In this exercise, retype exactly and only the lines from the top of the entries below through the line that holds "巴萨与马竞合体最贵阵容:梅西、格列兹曼领衔,亚马尔、佩德里在列", omitting pictures.

++++++++++++++++++++

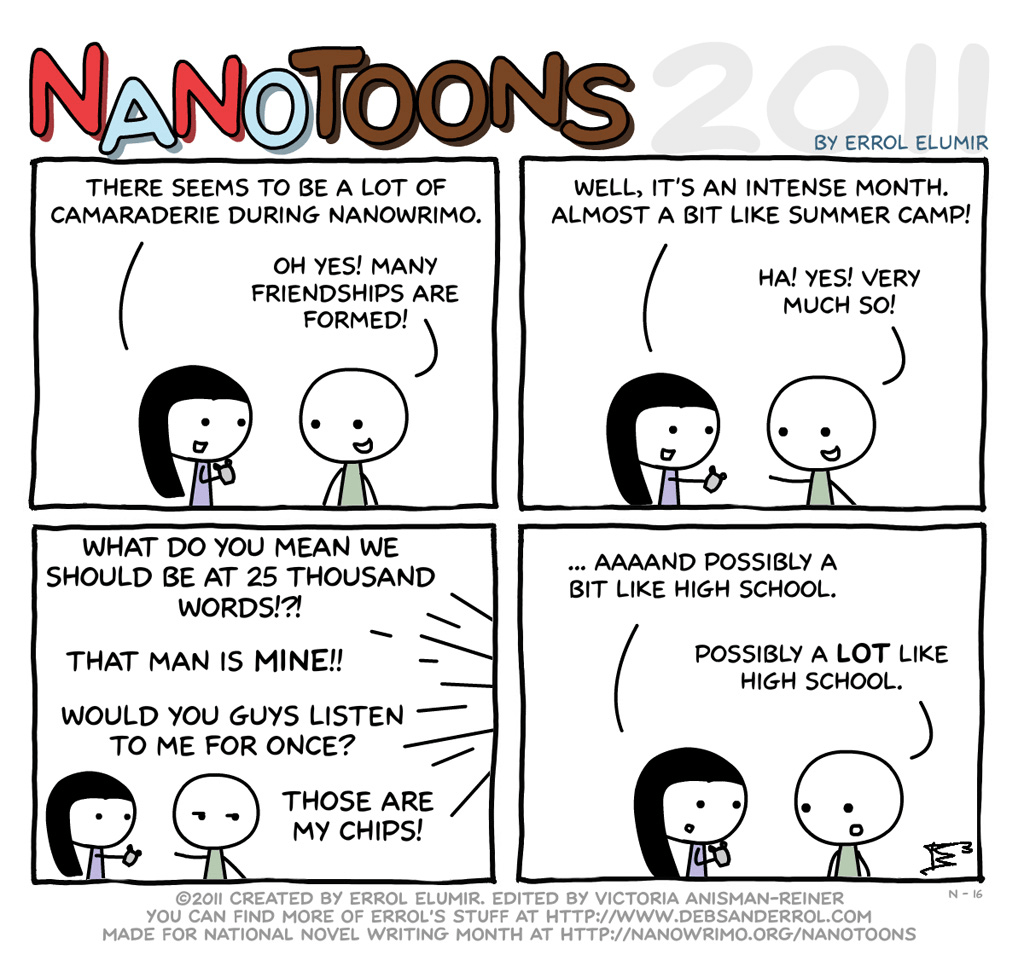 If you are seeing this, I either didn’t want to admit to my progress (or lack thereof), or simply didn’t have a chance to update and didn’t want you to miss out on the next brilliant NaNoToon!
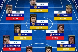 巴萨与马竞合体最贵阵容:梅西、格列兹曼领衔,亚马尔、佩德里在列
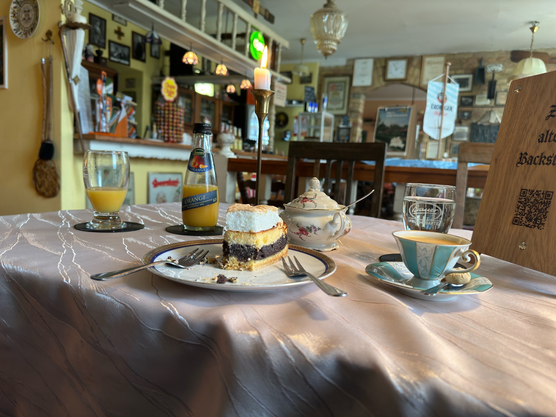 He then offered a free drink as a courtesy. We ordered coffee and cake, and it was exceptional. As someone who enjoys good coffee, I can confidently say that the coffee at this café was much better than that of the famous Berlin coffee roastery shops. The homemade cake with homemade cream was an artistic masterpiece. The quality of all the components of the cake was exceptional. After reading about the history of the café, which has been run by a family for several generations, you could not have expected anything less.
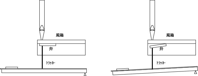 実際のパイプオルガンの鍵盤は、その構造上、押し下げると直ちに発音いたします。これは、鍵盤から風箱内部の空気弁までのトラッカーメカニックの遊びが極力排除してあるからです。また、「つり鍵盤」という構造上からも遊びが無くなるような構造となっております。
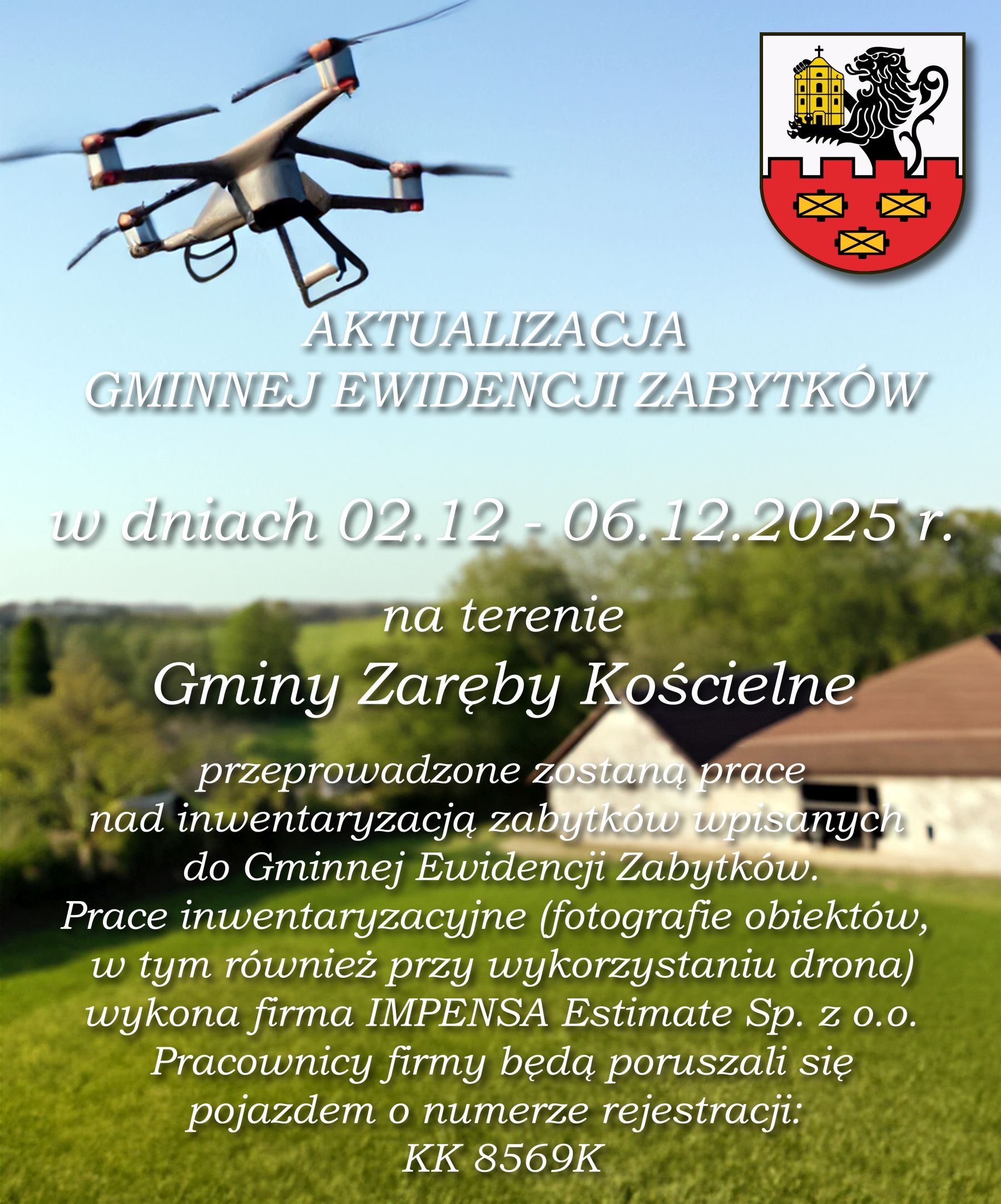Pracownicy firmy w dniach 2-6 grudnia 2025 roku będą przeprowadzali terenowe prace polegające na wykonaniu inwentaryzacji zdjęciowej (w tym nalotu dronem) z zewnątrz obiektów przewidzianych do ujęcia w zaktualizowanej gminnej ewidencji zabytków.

++++++++++++++++++++

**SOLUTION FOR THIS EXERCISE**
 If you are seeing this, I either didn’t want to admit to my progress (or lack thereof), or simply didn’t have a chance to update and didn’t want you to miss out on the next brilliant NaNoToon!
 巴萨与马竞合体最贵阵容:梅西、格列兹曼领衔,亚马尔、佩德里在列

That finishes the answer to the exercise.